**Work task**
Each line in the records below, from the one that contains "7月1日起,湖南省生产、销售" to the one that contains "The campaign takes", should be reproduced exactly, the first and last included.

**Supplied records**
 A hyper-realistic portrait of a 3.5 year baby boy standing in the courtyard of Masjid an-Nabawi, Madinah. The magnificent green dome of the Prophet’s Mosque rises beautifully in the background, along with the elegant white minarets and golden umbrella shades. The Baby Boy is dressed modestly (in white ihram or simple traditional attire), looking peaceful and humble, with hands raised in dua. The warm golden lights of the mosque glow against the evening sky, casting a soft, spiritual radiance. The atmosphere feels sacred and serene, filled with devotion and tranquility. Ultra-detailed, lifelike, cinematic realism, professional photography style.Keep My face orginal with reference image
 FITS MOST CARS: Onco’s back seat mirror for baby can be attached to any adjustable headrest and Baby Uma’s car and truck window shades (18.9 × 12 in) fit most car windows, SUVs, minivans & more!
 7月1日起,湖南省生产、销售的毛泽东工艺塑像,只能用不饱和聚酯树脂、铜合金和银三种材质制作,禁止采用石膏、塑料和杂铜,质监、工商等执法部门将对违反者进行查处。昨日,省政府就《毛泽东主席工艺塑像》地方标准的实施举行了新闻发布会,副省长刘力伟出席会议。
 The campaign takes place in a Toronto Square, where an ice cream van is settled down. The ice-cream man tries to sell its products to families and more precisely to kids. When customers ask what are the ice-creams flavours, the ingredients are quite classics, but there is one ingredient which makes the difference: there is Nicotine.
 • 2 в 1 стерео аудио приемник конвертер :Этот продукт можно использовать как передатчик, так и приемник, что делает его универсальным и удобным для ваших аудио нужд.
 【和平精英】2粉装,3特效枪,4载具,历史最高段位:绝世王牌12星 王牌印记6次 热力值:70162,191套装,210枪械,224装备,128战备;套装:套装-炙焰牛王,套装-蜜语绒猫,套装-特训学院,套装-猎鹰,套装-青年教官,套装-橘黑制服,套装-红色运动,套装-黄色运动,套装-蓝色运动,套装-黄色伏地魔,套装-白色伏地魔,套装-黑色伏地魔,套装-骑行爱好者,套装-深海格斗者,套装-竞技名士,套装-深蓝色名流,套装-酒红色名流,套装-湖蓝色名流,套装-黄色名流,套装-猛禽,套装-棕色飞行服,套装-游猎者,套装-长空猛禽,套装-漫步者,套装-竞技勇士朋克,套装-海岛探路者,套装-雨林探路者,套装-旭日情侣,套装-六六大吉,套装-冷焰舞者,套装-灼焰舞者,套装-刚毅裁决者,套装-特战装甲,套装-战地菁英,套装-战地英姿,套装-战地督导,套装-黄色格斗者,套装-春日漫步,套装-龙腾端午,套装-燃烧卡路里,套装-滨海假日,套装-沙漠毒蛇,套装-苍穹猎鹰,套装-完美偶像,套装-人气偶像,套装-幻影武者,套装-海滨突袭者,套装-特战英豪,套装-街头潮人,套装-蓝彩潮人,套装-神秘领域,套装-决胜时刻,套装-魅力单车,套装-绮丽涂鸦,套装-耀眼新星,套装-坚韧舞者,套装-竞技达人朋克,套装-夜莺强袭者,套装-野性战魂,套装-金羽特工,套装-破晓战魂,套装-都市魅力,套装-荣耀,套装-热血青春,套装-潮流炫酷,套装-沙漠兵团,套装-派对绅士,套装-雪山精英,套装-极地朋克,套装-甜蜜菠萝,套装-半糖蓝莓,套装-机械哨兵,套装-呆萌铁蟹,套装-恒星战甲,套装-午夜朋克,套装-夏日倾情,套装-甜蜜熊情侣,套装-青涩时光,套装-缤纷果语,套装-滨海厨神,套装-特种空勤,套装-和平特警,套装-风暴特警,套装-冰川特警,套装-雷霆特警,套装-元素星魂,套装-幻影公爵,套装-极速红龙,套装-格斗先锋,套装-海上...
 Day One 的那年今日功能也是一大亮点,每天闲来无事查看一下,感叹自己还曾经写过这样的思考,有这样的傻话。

* * *

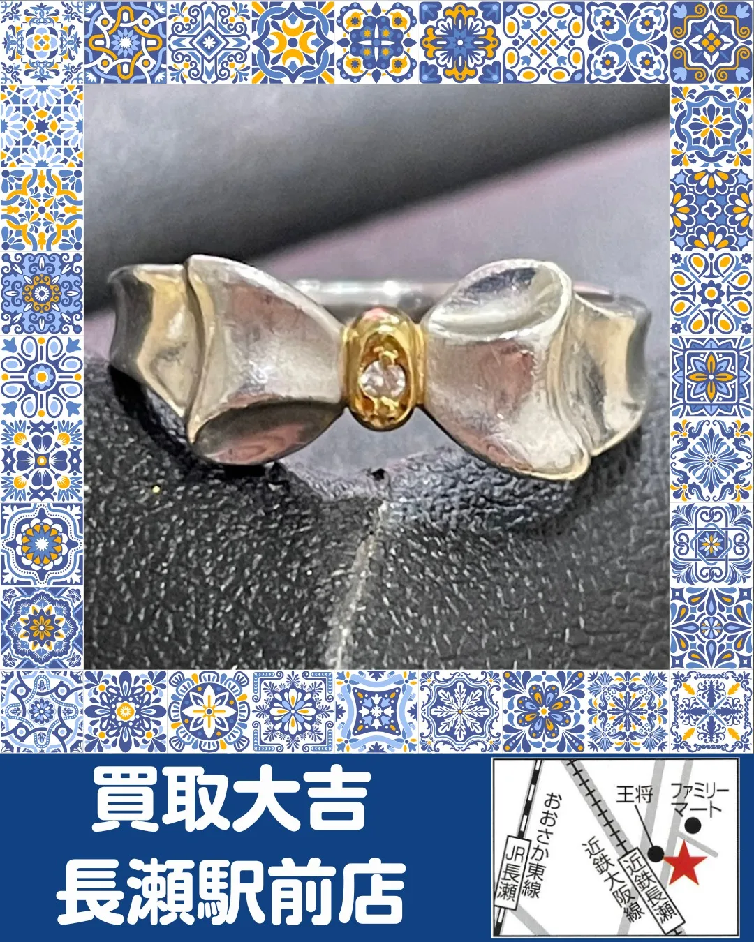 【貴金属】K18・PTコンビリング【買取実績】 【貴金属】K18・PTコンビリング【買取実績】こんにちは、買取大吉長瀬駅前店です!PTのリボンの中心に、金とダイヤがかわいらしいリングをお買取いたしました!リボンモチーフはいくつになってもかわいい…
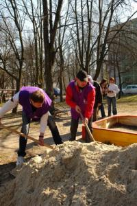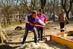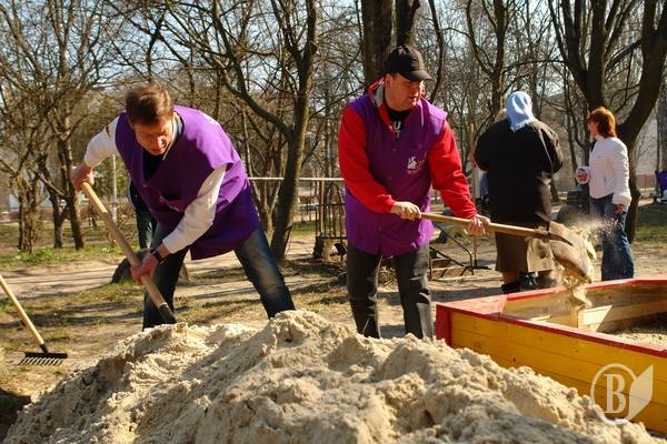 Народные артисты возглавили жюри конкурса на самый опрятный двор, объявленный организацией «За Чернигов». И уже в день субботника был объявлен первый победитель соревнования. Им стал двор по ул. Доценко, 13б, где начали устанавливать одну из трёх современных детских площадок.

==

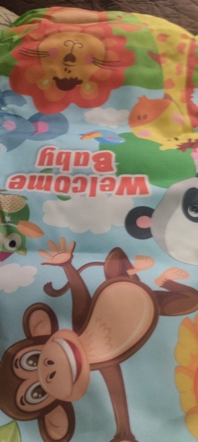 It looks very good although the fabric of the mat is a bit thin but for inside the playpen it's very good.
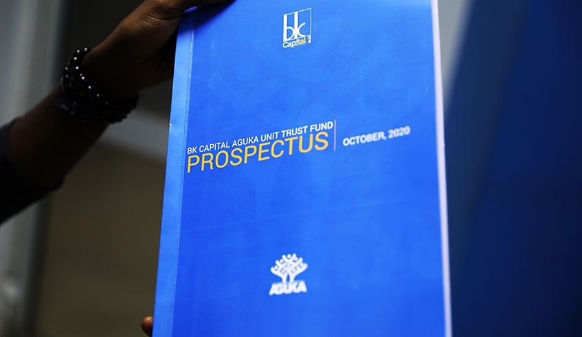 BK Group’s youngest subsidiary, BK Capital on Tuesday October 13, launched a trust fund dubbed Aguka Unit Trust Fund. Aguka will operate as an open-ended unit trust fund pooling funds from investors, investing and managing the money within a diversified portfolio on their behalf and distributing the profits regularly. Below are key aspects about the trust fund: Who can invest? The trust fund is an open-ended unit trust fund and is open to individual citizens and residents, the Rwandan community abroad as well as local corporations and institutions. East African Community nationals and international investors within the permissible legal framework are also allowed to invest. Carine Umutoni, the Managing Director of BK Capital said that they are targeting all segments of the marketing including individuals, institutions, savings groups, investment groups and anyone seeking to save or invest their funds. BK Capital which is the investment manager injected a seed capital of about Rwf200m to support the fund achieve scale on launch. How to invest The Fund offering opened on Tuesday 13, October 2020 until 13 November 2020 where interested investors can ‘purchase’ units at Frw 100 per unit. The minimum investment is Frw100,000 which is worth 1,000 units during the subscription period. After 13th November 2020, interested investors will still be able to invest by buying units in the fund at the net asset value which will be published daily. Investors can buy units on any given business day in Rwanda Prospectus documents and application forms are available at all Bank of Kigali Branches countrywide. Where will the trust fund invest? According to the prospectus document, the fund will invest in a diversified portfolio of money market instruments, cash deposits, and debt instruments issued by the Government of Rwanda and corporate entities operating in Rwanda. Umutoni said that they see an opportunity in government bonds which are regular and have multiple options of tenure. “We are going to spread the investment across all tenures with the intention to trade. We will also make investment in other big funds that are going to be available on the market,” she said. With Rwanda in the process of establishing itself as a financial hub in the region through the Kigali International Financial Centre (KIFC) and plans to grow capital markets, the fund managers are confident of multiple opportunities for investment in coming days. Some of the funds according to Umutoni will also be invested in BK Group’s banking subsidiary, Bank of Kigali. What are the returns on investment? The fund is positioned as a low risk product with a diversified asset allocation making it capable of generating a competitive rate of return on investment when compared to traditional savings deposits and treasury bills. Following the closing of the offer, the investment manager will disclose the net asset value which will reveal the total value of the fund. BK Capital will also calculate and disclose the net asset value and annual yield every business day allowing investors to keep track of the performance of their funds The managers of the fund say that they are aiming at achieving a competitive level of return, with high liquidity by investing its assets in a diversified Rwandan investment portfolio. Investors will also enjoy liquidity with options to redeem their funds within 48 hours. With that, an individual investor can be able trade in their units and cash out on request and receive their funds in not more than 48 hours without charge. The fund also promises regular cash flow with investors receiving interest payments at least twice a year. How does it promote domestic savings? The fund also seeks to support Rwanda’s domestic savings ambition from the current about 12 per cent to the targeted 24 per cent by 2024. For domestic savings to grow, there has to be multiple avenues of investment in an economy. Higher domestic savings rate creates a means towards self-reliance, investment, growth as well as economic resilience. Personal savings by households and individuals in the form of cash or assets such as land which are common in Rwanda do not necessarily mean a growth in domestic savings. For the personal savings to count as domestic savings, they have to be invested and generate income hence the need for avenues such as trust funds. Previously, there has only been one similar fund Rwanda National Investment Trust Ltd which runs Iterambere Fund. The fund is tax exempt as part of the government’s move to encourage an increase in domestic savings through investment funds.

**Output of the exercise**
 7月1日起,湖南省生产、销售的毛泽东工艺塑像,只能用不饱和聚酯树脂、铜合金和银三种材质制作,禁止采用石膏、塑料和杂铜,质监、工商等执法部门将对违反者进行查处。昨日,省政府就《毛泽东主席工艺塑像》地方标准的实施举行了新闻发布会,副省长刘力伟出席会议。
 The campaign takes place in a Toronto Square, where an ice cream van is settled down. The ice-cream man tries to sell its products to families and more precisely to kids. When customers ask what are the ice-creams flavours, the ingredients are quite classics, but there is one ingredient which makes the difference: there is Nicotine.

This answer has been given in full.